Nitric Oxide Metabolism in CC30 Staphylococcus Aureus and Its Contribution to Virulence

Download or read book Nitric Oxide Metabolism in CC30 Staphylococcus Aureus and Its Contribution to Virulence written by Lacey Jane Favazzo and published by . This book was released on 2019 with total page 197 pages. Available in PDF, EPUB and Kindle. Book excerpt: Staphylococcus aureus is a pathogen that causes a wide spectrum of disease, of which the site of infection and level of persistence depend largely on different virulence traits encoded within genetically distinct lineages, called clonal complexes (CC). Differences in bacterial response to host immune factors also play a role. Activated phagocytes produce nitric oxide (NO) to control infection and S. aureus metabolically adapts via multiple strategies conserved in all CCs, including S. aureus nitric oxide synthase (Nos). Genomic analysis of the CC30 lineage suggests that it has acquired additional metabolic functions that support persistence and colonization patterns associated with chronic and severe infections, such as endocarditis and osteomyelitis. CC30 strains encoded a putative NO reductase (Nor) that is not found in other clonal complexes, which potentially contributes to NO resistance and clinical outcome.

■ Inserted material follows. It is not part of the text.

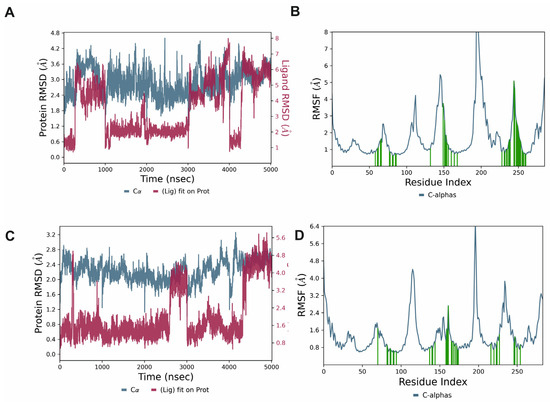 In order to examine the dynamic nature of the protein–ligand complex formation, five SERAAK2 replicas with the 5-HT1A and 5-HT2A receptors were subjected to molecular dynamics simulations with Desmond (Schrödinger, v. 2024.2). Graphical depictions of the ligand and protein root mean square deviation (RMSD) changes are depicted in Figure 3A,C. For the majority of the simulations, SERAAK2 was stable in both receptors.

In this work, we demonstrate that Nor has true nitric oxide reductase activity. Expression of nor is enhanced by both anaerobic growth and NO stress. Additionally, we demonstrate that MgrA and SrrAB, which modulate S. aureus virulence and response to hypoxia, regulate nor. S. aureus nos is also regulated by these systems, suggesting a link in metabolic response between the two genes. RNA-Seq analysis of UAMS-1, UAMS-1 ?nor, and UAMS-1 ?nos under anaerobic growth and NO stress demonstrates that Nor contributes to nucleotide metabolism and Nos to glycolysis. We find that both Nos and Nor contribute to bacterial survival in the presence of human PMNs and that each displays organ specific seeding in a tail vein model of infection. Nor also contributes to abscess formation in an osteological implant model of infection. The regulation overlap between nor and nos point to an intriguing link between regulation of endogenous NO, metabolic adaptation, and persistence in the CC30 lineage.